Bringing in bags of penny sweets like traffic lights and gobstoppers and giving away some of my prized marbles, won in friendly matches in the playground, cemented my friendship with the popular girls like Debbie Stark and Karen Cody. The bigger marbles I owned also enabled meaningful swaps with Kenny Chesterton’s Norwich City football mascot, a teddy bear wearing a green and yellow scarf. I still remember that the bear was only given to me as a temporary loan.
By the time I was 11 my Dad decided to turn his attention to start a life in Bangladesh.
I left our home in Southampton thinking that the trip was to be an extended summer holiday. The summer months turned into a year-long adventure living with my grandparents in a busy suburb of Dhaka. There was talk of sending my sister and I to school but for some reason my education played out on the verandah of the house. My days were spent watching out for the Igloo seller, or any street merchants selling fresh produce or rice that my grandma would need. I never mastered the art of bartering, but I was quite good at ludo and chess and I began reading Arabic. In that year we made two trips to my grandfather’s ancestral home in Jhalokati. We would board the majestic Rocket, which would navigate down one of the many rivers overnight to arrive at our village house, a rickshaw ride away from town. To me, the house that was squeezed in amongst the Palms and Tals and paddy fields, the house with no lights, with water drawn from the pukhur, and food cooked over wood fire, was idyllic. Only, it was also a house full of extended family, full of love and warmth but with its fair share of family squabbles and family rifts, generally stemming from economic disparity amongst some of the relatives. The house and the land stirred up resentments, and created land disputes that still exist to this day. I only got to know all of this when I returned to work in Bangladesh years later.

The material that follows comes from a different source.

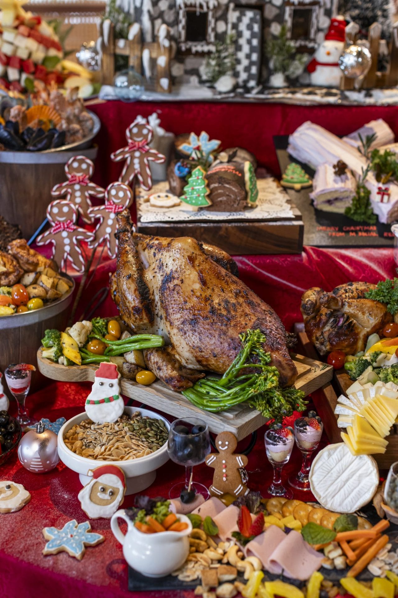 Festive dining continues on Christmas Day and Boxing Day with buffet lunches served from 12 pm to 3 pm. The menu features roast turkey, roasted chicken, pan-fried seabass and lamb stew, along with desserts such as chocolate mousse and Christmas cakes.

We left Dhaka, and the village holidays the following summer, and I started my secondary school a few months after our return.
Secondary school was a full timetable of lessons, but coming home to mum’s aloo ghost always made up for Double French and Probability. Even now I can hear my English teacher, Miss Rowe, recite Macbeth and extol the virtues of John Gielgud as a brilliant actor of Shakespeare. Miss Rowe would try and drill into us endless grammar and punctuation. “Safina”, she would say, “... never ever use the word ‘nice’; it is meaningless.”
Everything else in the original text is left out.